Автор: Виталий Даренский
Иногда ко мне обращаются молодые авторы, в основном поэты, с просьбой помочь опубликовать стихи в каком-нибудь журнале. Я сам раньше публиковался в литературных журналах, но уже потерял к этому интерес по двум причинам. Во-первых, поскольку это не имеет никакого смысла, т.к. эти журналы давно уже никто не читает – количество их читателей меньше, чем количество авторов, которые в них публикуются. Поэтому нужно просто издавать сборники своих стихотворений, ставить их на продажу и дарить всем, кому они интересны. Так они найдут своих читателей. Во-вторых, в «толстых» журналах опубликовать литературные произведения очень трудно, поскольку все эти журналы за десятилетия обросли «своими» авторами, которых они и публикуют, и попасть в круг «своих» со стороны почти невозможно. Это я и объясняю молодым, которые страдают от того, что их не публикуют.
На самом же деле за всем этим стоит еще более глубокий и тяжелый факт – деградация современной литературы.
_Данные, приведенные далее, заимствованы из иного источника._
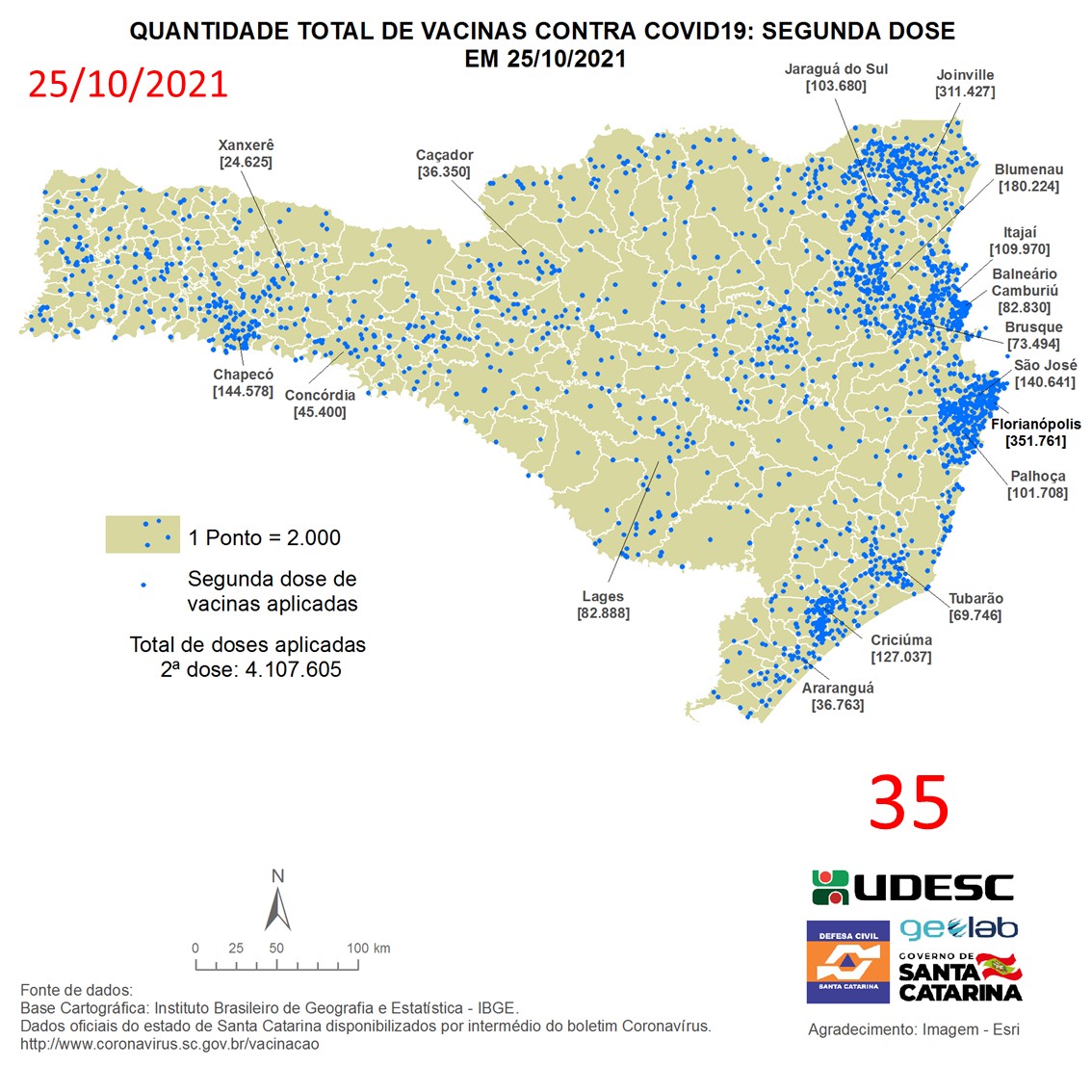 O mapa 35 apresenta dados do número de vacinas aplicadas de segunda dose contra COVID19 no Estado de Santa Catarina no dia 25/10/2021, de acordo com o Balanço da Vacinação em Santa Catarina, disponível pelo Governo de Santa Catarina em coronavirus.sc.gov.br/vacinacao. Nessa representação, cada ponto azul equivale a 2.000 doses aplicadas. O número total de vacinas aplicadas nesta data foi de 4.107.605 nos 295 municípios do estado, dos quais destacam-se: Florianópolis [351.761], Joinville [311.427], Blumenau [180.224], Chapecó [144.578] e São José [140.641].
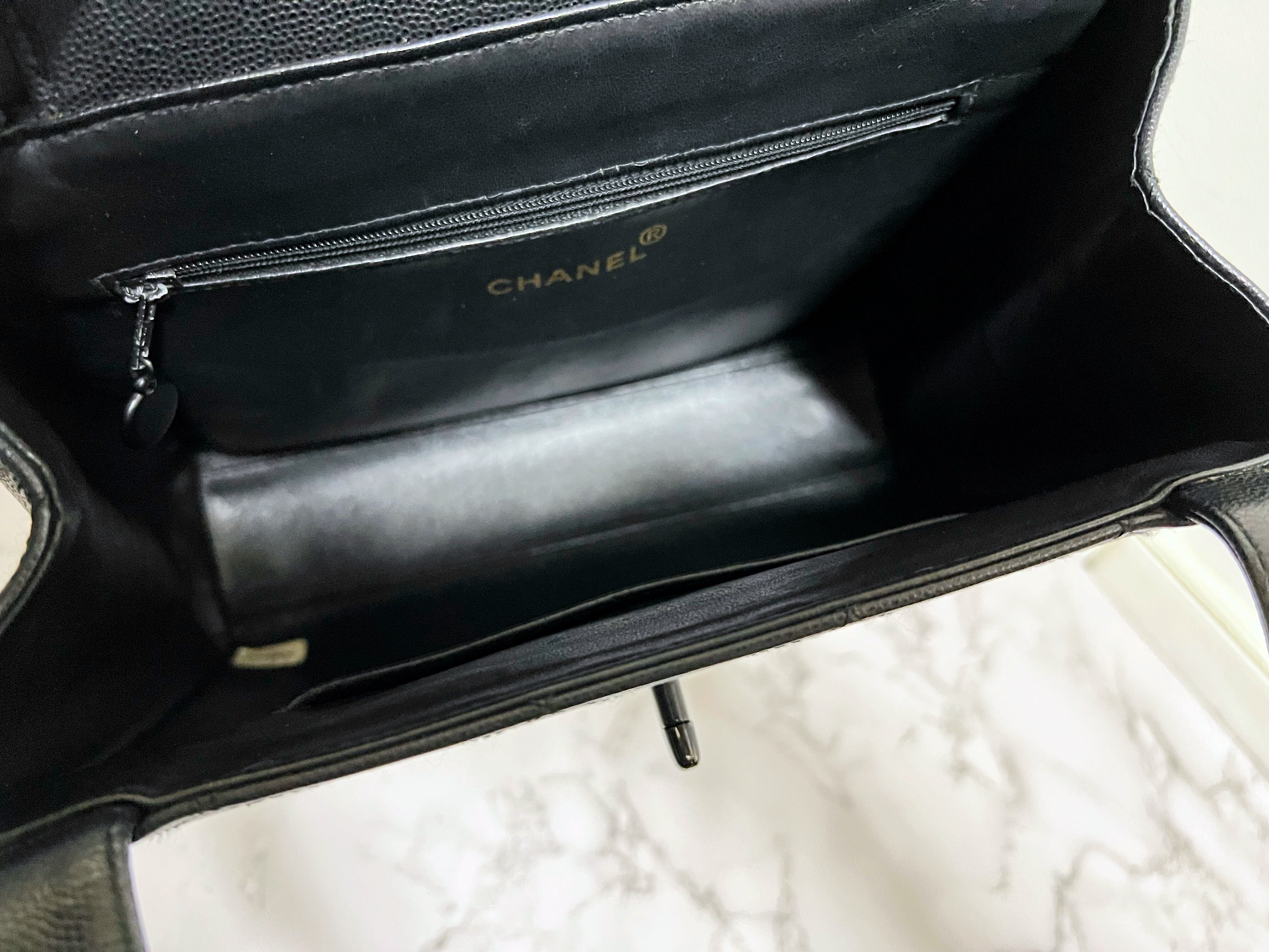 1998年のヴィンテージ シャネルです。正面のCC金具は勿論のこと、内部のファスナー、チャーム、表面キャビアスキン、内部ラムスキンなど全ての部分をブラックで統一したヴィンテージ シャネルらしい拘りを感じる逸品です。

Молодых и талантливых авторов чаще всего не публикуют просто потому, что на их фоне те, кто привык считать себя авторитетами и «мэтрами» выглядят весьма убого и поэтому просто боятся конкуренции. Поэтому они допускают к публикациям только полуграфоманов своего же уровня, которых можно поучать, снисходительно похлопывая по плечу. А с талантливыми, естественно, так не получится. Однако еще большая проблема состоит в том, что и этих талантливых уже почти нет. Почему?
Рассказывают, что когда-то в еще в 2000-х годах покойные ныне новый классик Валентин Распутин, выступая в Союзе писателей, вызвал большой скандал своим заявлением: «Русской литературы больше нет». Естественно, все «профессиональные литераторы», которые за счет литературы кормятся, принялись ему яростно возражать. Затем уже в газете «Омское время» в марте 2009 г. он написал: «Несомненно, русская литература жива, пока жива Россия. Жизнь государственных и духовных организмов не имеет мгновенного пресечения. Государство по имени Россия может существовать еще долго, но по смыслу, по духу своему не быть Россией. И литература в такой России, потерявшей свой дух и смысл, свое назначение и настроение, способна измениться настолько, что правильнее говорить об ее умирании, нежели обольщаться какими-то новыми этапами. Литература, как и культура в целом, только тогда жива, какие бы тяжкие кризисы она не испытывала, когда она органически, неотрывно связана с национальной душой и обращается к народной жизни. Как только не останется этой связности, этой любви, литература обречена». Однако существует ли еще эта национальная душа и народная жизнь, или они уже тоже в состоянии умирания?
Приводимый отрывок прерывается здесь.